Mu Jingzhe telah menghabiskan tiga hari dengan saksama memikirkannya.


“Ayah, Ibu, jangan khawatir. Aku akan memastikan untuk hidup bahagia. Jangan khawatir tentang saya sepanjang waktu. Aku sudah dewasa. Aku akan bertanggung jawab atas hidupku sendiri.


“Cepat dan bersiaplah untuk mendirikan kiosmu. Jangan berhenti di akun saya. Dalam bisnis, Anda harus konsisten. Tidak muncul beberapa kali tanpa alasan akan mempengaruhi bisnis Anda.”


Mu Teng tidak mengatakan sepatah kata pun, tetapi dia tahu bahwa tidak ada jalan untuk kembali sekarang setelah Mu Jingzhe berbicara. Anak ini keras kepala dan tidak akan mengubah keputusannya begitu dia mengambil keputusan.


Setelah mengingat cara Shao Dong berlutut dan apa yang dia katakan dan mengingat anak-anak itu diam-diam datang menemuinya dalam dua hari terakhir, dia tahu bahwa anak-anak itu menempati posisi di hati Mu Jingzhe dan sebaliknya.

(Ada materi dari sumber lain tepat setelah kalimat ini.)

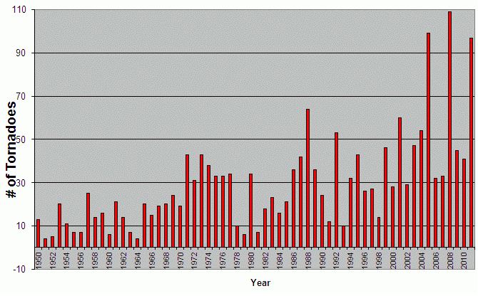 Une centaine de tornade ont balayé les Etats-Unis, depuis le Midwest jusqu’au Golfe du Mexique au cours de la semaine dernière et ce phénomène est plus important que ce que l’on observe habituellement pour la totalité du mois de Mars.
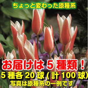 ☆チューリップ(球根) 原種系でちょっと変わった楽しみ方を 5種各20球ミックスで計100球
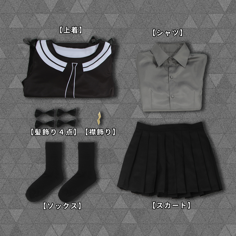 上着、シャツ、スカート、飾り物(髪飾り4点、襟飾り、ソックス)
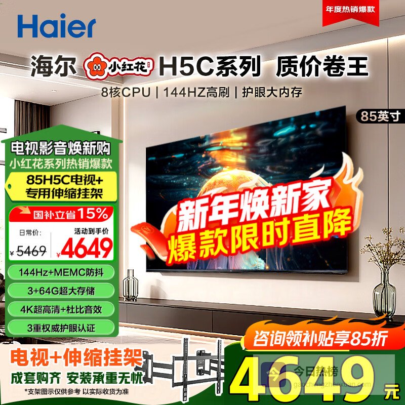 海尔(Haier)电视 85英寸高刷超薄AI语音全面屏智能音画质 MEMC防抖 大屏超高清平板电视机 85英寸 H5C升级版+伸缩挂架¥
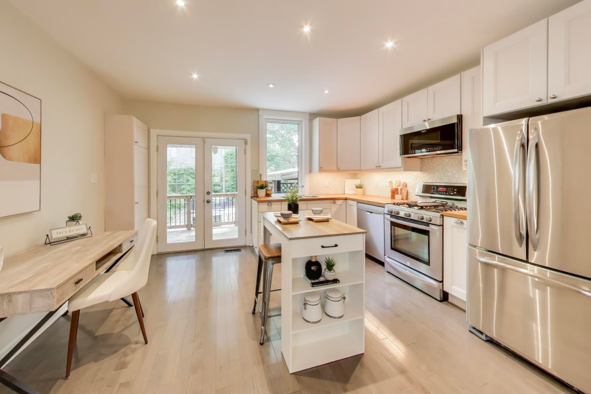 • Modern kitchen features natural wood countertop and stainless steel appliances.
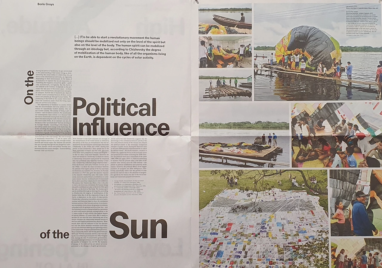9월에는 생태사회 정의와 기후 부채를 논의하는 패널 디스커션 외에 다큐멘터리 <에어로센을 향해 파차와 함께 날다> 상영, 『에어로센 뉴스페이퍼 I, II』 한국어판을 발간하여 토론과 공론의 장으로 여정을 마무리한다. 《에어로센 서울》은 인간 중심주의(Anthropocentrism)를 넘어서 공기 안에서, 공기와 함께 살아가는 새로운 방식을 사유하기를 제안한다.
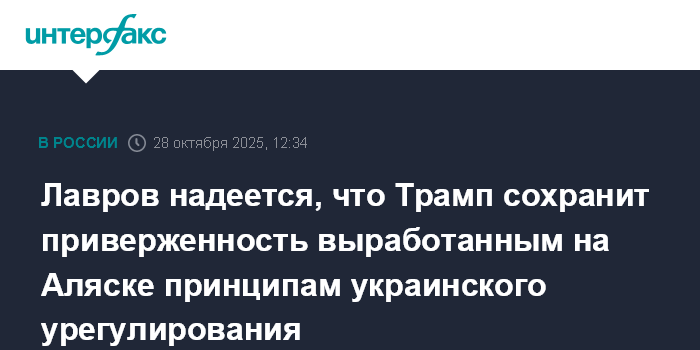 Москва. 28 октября. INTERFAX.RU - В Москве рассчитывают, что президент США Дональд Трамп сохранит приверженность принципам украинского урегулирования, выработанным на российско-американском саммите в Анкоридже на Аляске, заявил глава МИД РФ Сергей Лавров.
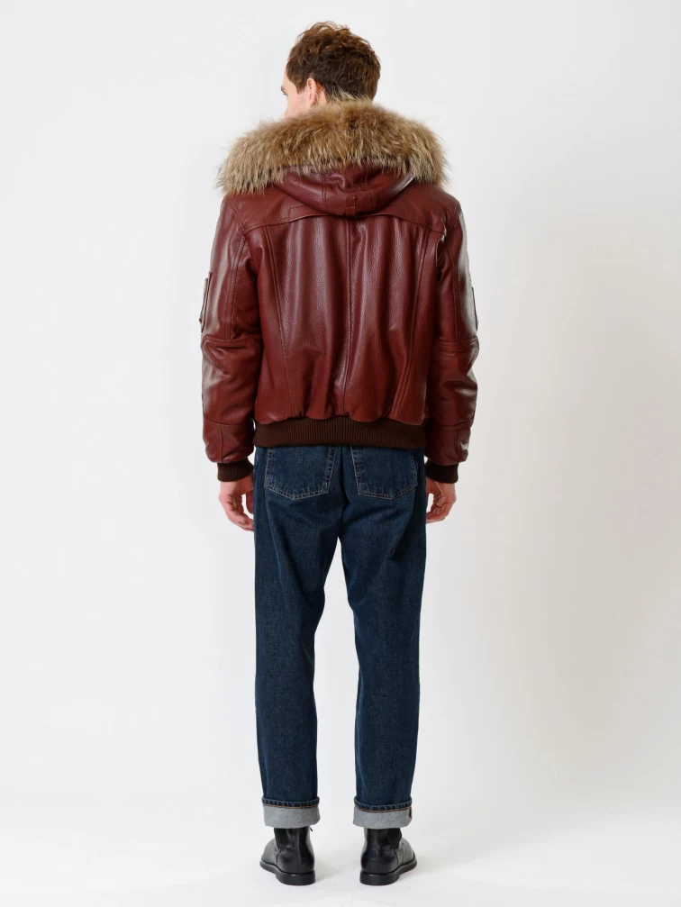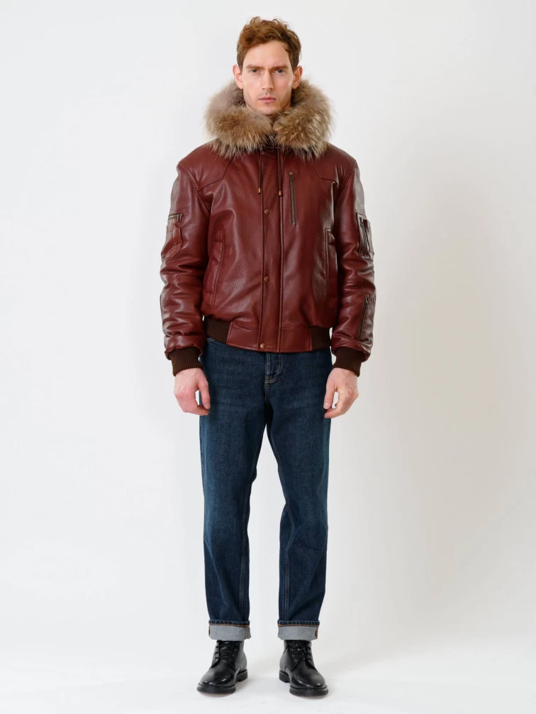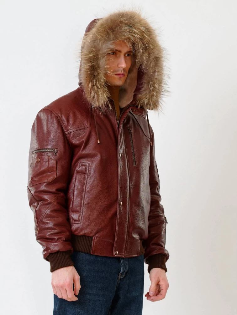 Кожаная мужская куртка аляска утепленная с мехом енота 509, виски, размер 48, артикул 40190
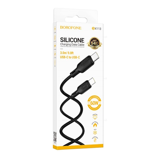 Кабель Type-C - Type-C Borofone BX113, 3м, силикон, 3.0A, чёрный
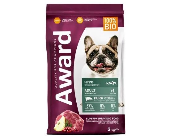 Сухой корм AWARD Hypo для взрослых собак всех пород, со свининой с добавлением брусники груши и розмарина, 2кг

Mu Teng menghela nafas. “Kamu sendiri yang memilih jalan ini. Jangan menyesalinya dan datang menangis padaku di masa depan. ”


“Aku tidak akan melakukannya.”

__ADS_1


Mu Jingzhe mengulangi kata-katanya. “Ayah, Ibu, jangan khawatir. Aku benar-benar akan baik-baik saja.”